From the records that follow, copy every line in which "with" appears.

> Data extracts:

#####

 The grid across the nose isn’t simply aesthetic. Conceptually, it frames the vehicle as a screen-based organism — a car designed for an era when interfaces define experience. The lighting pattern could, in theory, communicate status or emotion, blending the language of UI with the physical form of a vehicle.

#####

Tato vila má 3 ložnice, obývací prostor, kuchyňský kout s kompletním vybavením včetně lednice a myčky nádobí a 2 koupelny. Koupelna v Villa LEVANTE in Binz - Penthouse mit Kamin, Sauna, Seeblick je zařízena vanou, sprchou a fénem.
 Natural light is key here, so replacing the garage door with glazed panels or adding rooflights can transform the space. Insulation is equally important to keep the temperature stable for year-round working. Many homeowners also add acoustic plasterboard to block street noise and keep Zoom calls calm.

#####

> Worked solution:
 The grid across the nose isn’t simply aesthetic. Conceptually, it frames the vehicle as a screen-based organism — a car designed for an era when interfaces define experience. The lighting pattern could, in theory, communicate status or emotion, blending the language of UI with the physical form of a vehicle.
 Natural light is key here, so replacing the garage door with glazed panels or adding rooflights can transform the space. Insulation is equally important to keep the temperature stable for year-round working. Many homeowners also add acoustic plasterboard to block street noise and keep Zoom calls calm.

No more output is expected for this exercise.